N26 Losing Market Share to Revolut

Diving deeper into

N26

Company Report
N26's more conservative approach has resulted in market share losses to Revolut's broader product suite and marketing spend.
Analyzed 5 sources

This gap shows that in neobanking, the winning product is no longer a cheap account, it is a high frequency money app that gives customers more reasons to open it every day. Revolut turned one travel card into payments, crypto, stock trading, lending, subscriptions, and business banking, while N26 stayed closer to a simpler checking account model. That widened both revenue and customer acquisition power, with Revolut at $2.3B revenue in 2023 versus N26 at $328M, then $4.0B versus $486M in 2024.
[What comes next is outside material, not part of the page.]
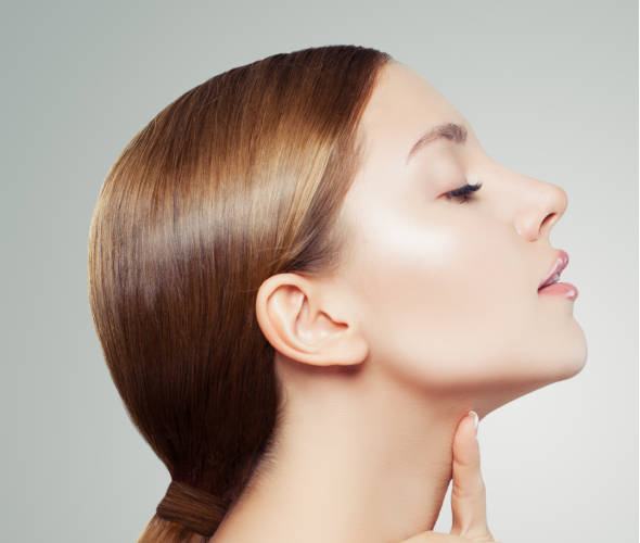 • widoczne uniesienie owalu twarzy
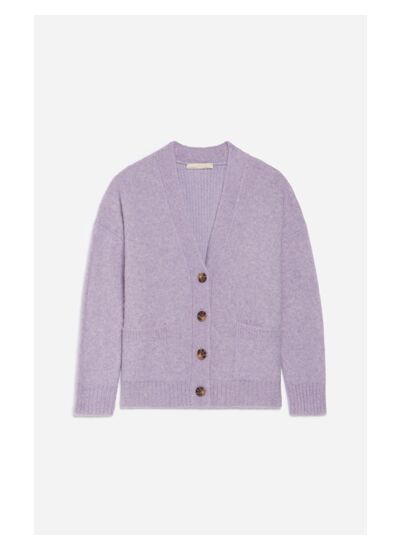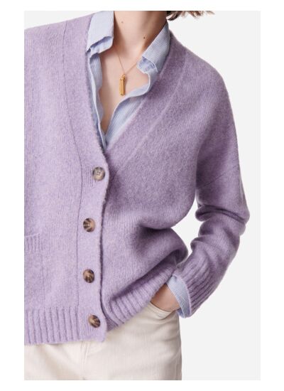 Le gilet Bagatelle vous enveloppera de douceur et de confort pour les journées les plus fraîches. Confectionné en laine, alpaga et yack, ce modèle boutonné tombe fluidement sur votre silhouette avec une encolure en V, des manches extra longues et une coupe oversized pour une silhouette ample et spacieuse, idéale pour un look décontracté. Il garantit une sensation de confort où que vous soyez, que ce soit pour un brunch entre amies ou une soirée canapé devant la télé. Décliné dans un lila doux, ce cardigan égayera vos journées avec une touche romantique.

  • Revolut monetizes many more user actions. It earns from card spend, deposit spread, trading fees, credit, and paid plans. That means a customer who first joins for travel or transfers can later be upsold into investing, savings, or borrowing without Revolut paying to reacquire them.
  • N26 has been more constrained by Europe’s market by market rollout burden, while Revolut pushed harder on geographic expansion and product launches at the same time. In Europe, that combination matters because each new market is expensive to enter, so broader products help pay back marketing faster.
  • Starling shows the other path. It reached $575M revenue in 2022 and $873M in 2023 by leaning harder into business banking and infrastructure revenue, not just consumer accounts. That is the clearest proof that N26 needs new product lines, not just more consumer users, to close the gap.

The next phase is a race to raise revenue per active customer, not just signups. N26’s planned SME expansion points in the right direction, but the benchmark has already moved. The leaders in Europe are becoming full financial bundles, where banking, investing, borrowing, and business tools reinforce each other and make marketing spend much more productive.